What is needed. Print out the data precisely as it appears here, with no pictures.

Given material.
◆ ◆ ◆ ◆

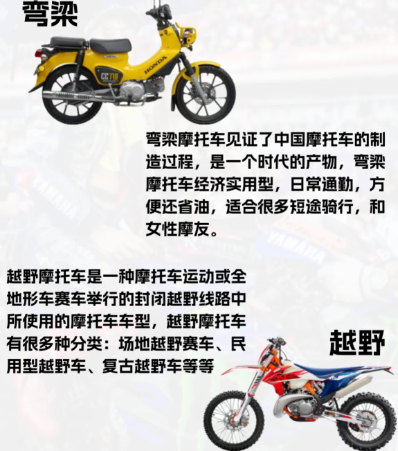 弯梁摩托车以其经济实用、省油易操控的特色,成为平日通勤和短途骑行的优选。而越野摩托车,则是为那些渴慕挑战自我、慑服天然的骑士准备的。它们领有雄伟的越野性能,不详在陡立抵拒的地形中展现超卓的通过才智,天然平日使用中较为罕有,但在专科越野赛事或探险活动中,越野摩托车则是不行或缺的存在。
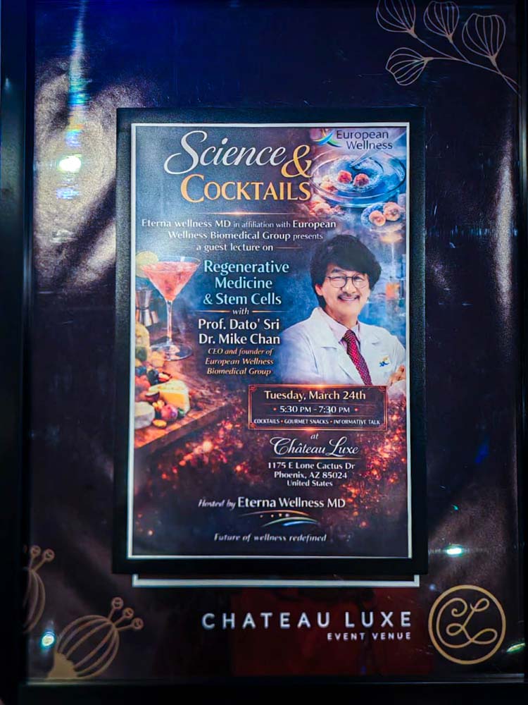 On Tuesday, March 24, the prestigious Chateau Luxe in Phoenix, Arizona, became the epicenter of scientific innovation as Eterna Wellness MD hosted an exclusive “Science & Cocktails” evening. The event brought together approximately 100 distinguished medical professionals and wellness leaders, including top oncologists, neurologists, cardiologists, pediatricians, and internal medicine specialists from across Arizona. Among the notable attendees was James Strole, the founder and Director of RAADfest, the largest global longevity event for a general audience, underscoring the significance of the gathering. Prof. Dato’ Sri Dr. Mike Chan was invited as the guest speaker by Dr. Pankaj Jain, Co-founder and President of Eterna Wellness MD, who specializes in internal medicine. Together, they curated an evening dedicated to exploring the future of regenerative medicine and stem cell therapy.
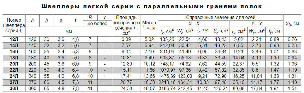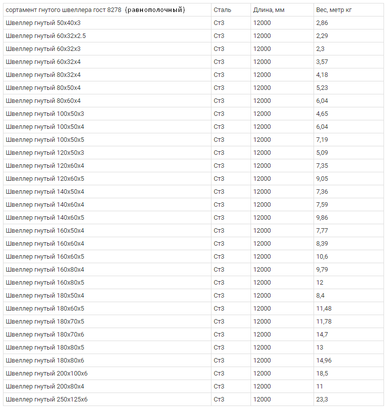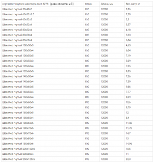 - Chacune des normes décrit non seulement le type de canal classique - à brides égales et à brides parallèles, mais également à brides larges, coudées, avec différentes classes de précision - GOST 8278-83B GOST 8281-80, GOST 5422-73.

◆ ◆ ◆ ◆

Output for this task.
 弯梁摩托车以其经济实用、省油易操控的特色,成为平日通勤和短途骑行的优选。而越野摩托车,则是为那些渴慕挑战自我、慑服天然的骑士准备的。它们领有雄伟的越野性能,不详在陡立抵拒的地形中展现超卓的通过才智,天然平日使用中较为罕有,但在专科越野赛事或探险活动中,越野摩托车则是不行或缺的存在。
 On Tuesday, March 24, the prestigious Chateau Luxe in Phoenix, Arizona, became the epicenter of scientific innovation as Eterna Wellness MD hosted an exclusive “Science & Cocktails” evening. The event brought together approximately 100 distinguished medical professionals and wellness leaders, including top oncologists, neurologists, cardiologists, pediatricians, and internal medicine specialists from across Arizona. Among the notable attendees was James Strole, the founder and Director of RAADfest, the largest global longevity event for a general audience, underscoring the significance of the gathering. Prof. Dato’ Sri Dr. Mike Chan was invited as the guest speaker by Dr. Pankaj Jain, Co-founder and President of Eterna Wellness MD, who specializes in internal medicine. Together, they curated an evening dedicated to exploring the future of regenerative medicine and stem cell therapy.
 - Chacune des normes décrit non seulement le type de canal classique - à brides égales et à brides parallèles, mais également à brides larges, coudées, avec différentes classes de précision - GOST 8278-83B GOST 8281-80, GOST 5422-73.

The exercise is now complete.